SWBW_Florian — Mon, 31 Mar 2025 05:29:17 GMT

Hi!

No, unfortunately not. its still not working. we asked our Checkpoint-Service for help on that. They think that it propably could come into account that our used IP-Address is already configured elsewhere in the system (and also not the cluster main IP)

So we ordered a new external IP-Adress and try then to forward 443 to this

i will update the thread if were working it out. If you find anything new feel free to post it here as well

Re: SAML authentication stops working after FW Upgrade / Fresh Install

Ruan_Kotze — Mon, 31 Mar 2025 06:18:10 GMT

This is likely not your issue, as it was working previously, but I had the exact same 404 error, my issue was I had the wrong IDP object assigned to my gateway. VPN Clients -> Authentication -> IDP Auth Provider -> Auth Methods -> Identity Provider - Auth Settings.

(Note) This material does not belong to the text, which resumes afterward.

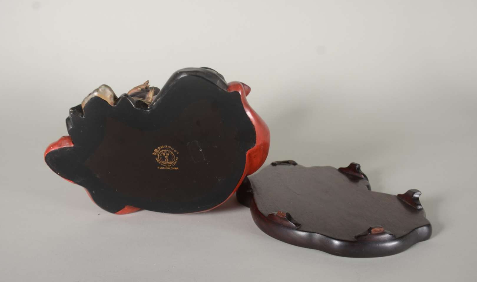 Par de figuras de madeira entalhada oriental representando crianças com touros.

My IDP object was pointing to the SAML URL of a different gateway.

Re: SAML authentication stops working after FW Upgrade / Fresh Install

Daniel_Kavan — Mon, 31 Mar 2025 12:19:19 GMT

Hi, RE: the identity file, we changed this attribute from true to false. WantAuthnRequestsSigned="false" We still have to have this in place.